Since the second half of the twentieth century, the semiconductor industry has conducted a frantic search to reduce the size of the components used in these circuits. This makes it possible to increase operating frequency by reducing transit times, and to increase component density, thereby multiplying computing power. During this seminar, I described the main technologies used to achieve these goals. In particular, I showed how optical lithography, thought to be limited to reproducing structures of the order of the wavelength used, can now reach a size up to almost ten times smaller than the wavelength. Nevertheless, for the next generation of integrated circuits, new optical techniques using very short wavelengths, from soft X to hard X, are now being explored. I have described these techniques and pointed out the difficulties in implementing them. I have also presented other lithography techniques that can go down to below 10 nm (the diameter of a human hair is of the order of 50,000 nm), using beams of charged particles such as electrons or ions. As we have seen, these techniques cannot yet meet the mass production requirements of the semiconductor industry. They do, however, make it possible to manufacture transistors with gate widths of less than 10 nm, proving that silicon still has a few years ahead of it. They are also widely used by the scientific community, which does not have the yield constraints of the semiconductor industry. These so-called top-down technologies have enabled nanoscience to flourish, as they not only enable the fabrication of extremely small objects, but also the construction of a set of structures that can be used to individually measure a nanostructure. They are, for example, very useful for chemists who use bottom-up synthesis to manufacture their nano-objects, and who generally only have access to the collective properties of their nanoparticles. I've outlined some possible ways of making these techniques compatible with industrial requirements.

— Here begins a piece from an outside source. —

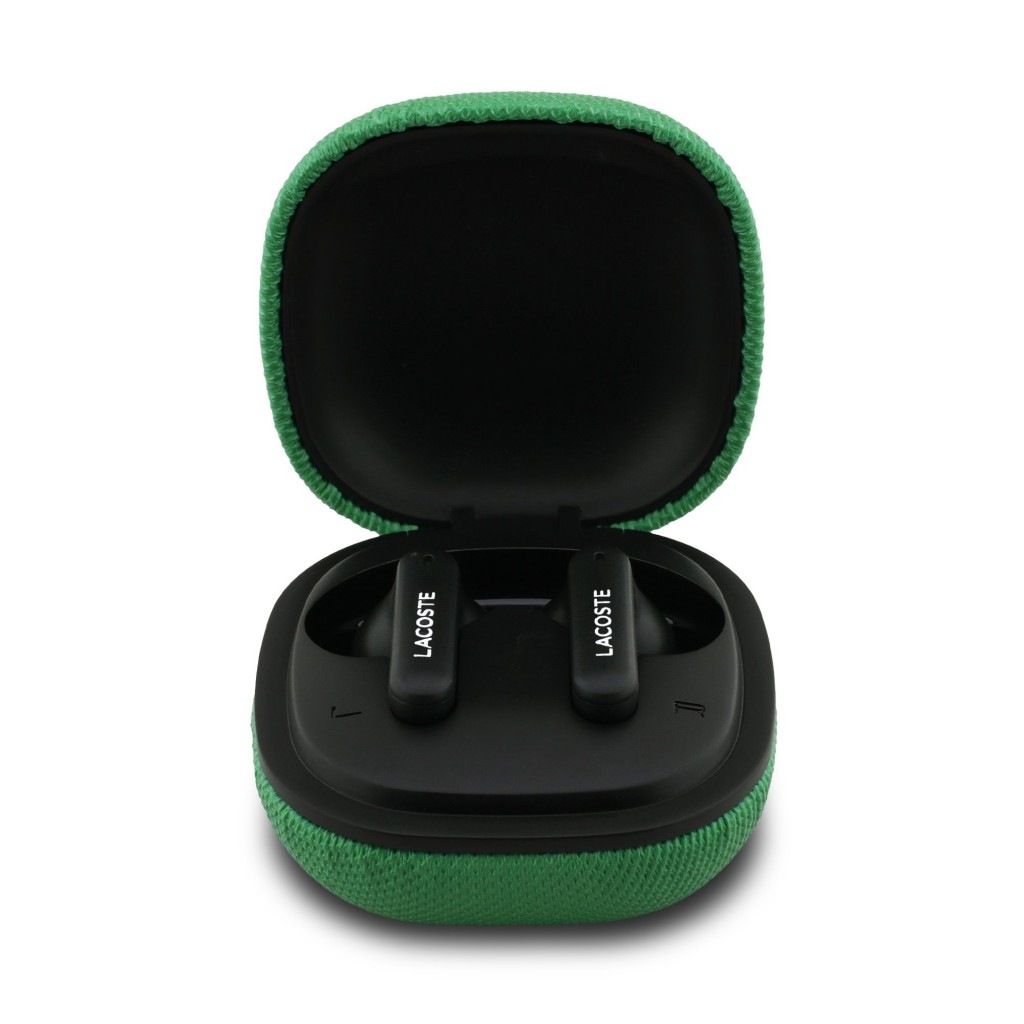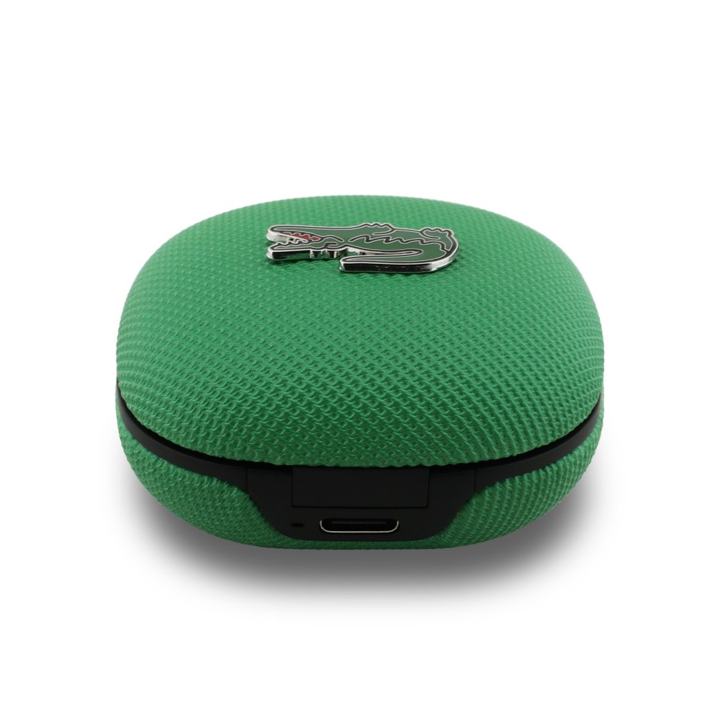 Sluchátka Lacoste Iconic se pyšní designem, který je věrný odkazu značky. Povrch nabíjecího pouzdra i samotných sluchátek zdobí unikátní textura "Petit Piqué", která je inspirována legendárními polokošilemi Lacoste. Tento detail dodává produktu luxusní a na dotek příjemný vzhled.

Finally, I've talked about nanoimprinting, a very economical alternative to the previous techniques that enables high resolution at high throughput, but still requires considerable technological development. It is nevertheless a feasible technique for reproducing simple nanostructures on large surfaces, with important applications in photovoltaics, smart materials, etc
I concluded this seminar with a description of the transfer techniques that enable engraving to be carried out in compliance with the lithography drawing rule. These are reactive ion etching techniques that can achieve very high aspect ratios while maintaining very vertical sidewalls.